The SDK, like any other, should be obtained via git. The repositories
are hosted on Devuan's Gitlab. To grab it, we simply issue a _git clone_
command, an since it contains git submodules - we append _--recursive_
to it:

```
$ git clone https://git.devuan.org/sdk/vm-sdk --recursive
```

Consult the README.md file found in this repository to see what are the
required dependencies to use vm-sdk.


### Using vm-sdk

Once obtained, we can use it interactively. The process is very simple,
and to build an image we use the oneliner we've already seen above.

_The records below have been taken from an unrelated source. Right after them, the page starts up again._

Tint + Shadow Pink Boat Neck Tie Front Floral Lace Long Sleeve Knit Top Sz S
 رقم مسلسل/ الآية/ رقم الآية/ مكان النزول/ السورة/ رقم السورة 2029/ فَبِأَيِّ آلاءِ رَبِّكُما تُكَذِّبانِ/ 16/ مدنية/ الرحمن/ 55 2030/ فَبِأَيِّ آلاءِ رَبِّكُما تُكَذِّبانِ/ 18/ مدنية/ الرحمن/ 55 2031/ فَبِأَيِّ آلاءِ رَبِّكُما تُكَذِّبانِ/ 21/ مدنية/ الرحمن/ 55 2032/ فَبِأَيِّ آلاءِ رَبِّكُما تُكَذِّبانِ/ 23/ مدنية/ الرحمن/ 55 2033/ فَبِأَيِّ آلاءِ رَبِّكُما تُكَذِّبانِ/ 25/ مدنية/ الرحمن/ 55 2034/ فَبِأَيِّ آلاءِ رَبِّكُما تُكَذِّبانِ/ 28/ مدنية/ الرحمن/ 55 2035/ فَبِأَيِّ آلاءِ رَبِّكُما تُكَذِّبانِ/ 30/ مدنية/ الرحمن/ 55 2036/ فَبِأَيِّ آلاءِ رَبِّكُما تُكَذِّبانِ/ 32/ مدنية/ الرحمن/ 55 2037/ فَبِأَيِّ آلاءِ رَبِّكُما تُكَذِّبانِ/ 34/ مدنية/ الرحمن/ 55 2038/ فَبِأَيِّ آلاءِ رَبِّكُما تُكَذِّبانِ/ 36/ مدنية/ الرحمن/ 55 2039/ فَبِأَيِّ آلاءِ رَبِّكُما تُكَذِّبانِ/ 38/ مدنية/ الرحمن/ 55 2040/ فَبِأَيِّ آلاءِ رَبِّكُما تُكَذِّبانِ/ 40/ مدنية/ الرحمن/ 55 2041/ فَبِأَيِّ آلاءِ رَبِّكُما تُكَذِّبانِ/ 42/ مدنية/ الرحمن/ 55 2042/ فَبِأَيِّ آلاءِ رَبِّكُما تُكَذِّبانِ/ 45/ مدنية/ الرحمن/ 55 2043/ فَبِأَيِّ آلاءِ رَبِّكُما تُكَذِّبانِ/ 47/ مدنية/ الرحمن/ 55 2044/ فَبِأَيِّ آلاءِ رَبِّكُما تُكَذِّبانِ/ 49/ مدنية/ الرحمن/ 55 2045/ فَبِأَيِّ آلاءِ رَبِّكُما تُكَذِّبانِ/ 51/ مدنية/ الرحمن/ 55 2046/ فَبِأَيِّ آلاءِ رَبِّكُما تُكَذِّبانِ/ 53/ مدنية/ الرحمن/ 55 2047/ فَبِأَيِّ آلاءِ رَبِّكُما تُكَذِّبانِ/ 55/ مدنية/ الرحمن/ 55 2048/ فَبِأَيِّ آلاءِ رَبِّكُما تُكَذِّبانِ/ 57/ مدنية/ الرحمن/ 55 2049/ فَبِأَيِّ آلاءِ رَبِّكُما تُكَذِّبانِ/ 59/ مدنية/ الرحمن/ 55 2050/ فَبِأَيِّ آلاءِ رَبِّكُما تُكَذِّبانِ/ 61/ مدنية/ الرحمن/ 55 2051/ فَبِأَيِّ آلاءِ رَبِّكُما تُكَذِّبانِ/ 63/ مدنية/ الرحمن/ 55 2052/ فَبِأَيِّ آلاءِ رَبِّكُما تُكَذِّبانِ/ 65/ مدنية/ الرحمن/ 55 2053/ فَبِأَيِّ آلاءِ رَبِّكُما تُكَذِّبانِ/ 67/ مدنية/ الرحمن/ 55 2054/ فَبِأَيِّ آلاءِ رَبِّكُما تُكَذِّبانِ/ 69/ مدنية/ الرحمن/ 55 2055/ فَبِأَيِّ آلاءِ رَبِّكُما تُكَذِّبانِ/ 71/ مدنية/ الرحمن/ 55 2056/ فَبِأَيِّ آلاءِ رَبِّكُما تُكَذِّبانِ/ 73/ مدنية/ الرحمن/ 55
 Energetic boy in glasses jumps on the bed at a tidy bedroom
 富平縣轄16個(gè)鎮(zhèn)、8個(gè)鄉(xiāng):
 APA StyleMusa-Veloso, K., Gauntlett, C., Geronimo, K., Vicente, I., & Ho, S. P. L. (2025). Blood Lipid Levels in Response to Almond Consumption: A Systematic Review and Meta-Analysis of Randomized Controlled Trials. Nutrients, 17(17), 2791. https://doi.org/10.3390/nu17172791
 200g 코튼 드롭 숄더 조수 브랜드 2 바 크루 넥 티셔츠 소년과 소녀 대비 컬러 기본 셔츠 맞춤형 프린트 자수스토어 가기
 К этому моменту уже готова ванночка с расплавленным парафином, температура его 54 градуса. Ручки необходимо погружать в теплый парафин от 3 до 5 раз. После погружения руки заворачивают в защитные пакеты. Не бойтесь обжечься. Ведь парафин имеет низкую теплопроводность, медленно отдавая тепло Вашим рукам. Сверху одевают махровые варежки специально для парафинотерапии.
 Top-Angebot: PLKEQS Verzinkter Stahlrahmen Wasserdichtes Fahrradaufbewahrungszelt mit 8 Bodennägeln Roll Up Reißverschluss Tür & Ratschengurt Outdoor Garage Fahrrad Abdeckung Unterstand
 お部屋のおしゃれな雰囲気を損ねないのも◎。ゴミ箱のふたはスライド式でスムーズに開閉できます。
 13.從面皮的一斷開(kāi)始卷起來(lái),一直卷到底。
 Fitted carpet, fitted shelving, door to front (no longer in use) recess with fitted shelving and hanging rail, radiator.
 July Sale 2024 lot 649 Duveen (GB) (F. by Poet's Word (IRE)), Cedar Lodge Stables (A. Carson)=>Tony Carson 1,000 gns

Also like with live-sdk, we don't need specific boards, however we also
do not create any non-amd64 images, so we don't have to pass an
architecture to the load command either. To build a vanilla Vagrant Box,
VirtualBox image, qcow2 image, and a cloud-based qcow2 image, we issue:

```
$ zsh -f -c 'source sdk && load devuan && build_vagrant_dist'
```

This line would create al the four types of the VM image.

As shown with the previous two, the _blend_ concept works as advertised
here as well:

```
$ zsh -f -c 'source sdk && load deuvan decode && build_vagrant_dist'
```

The *build_vagrant_dist* command is a helper function located in
libdevuansdk that wraps around the 11 functions needed to build our
image. They are all explained in the technical part of this manual.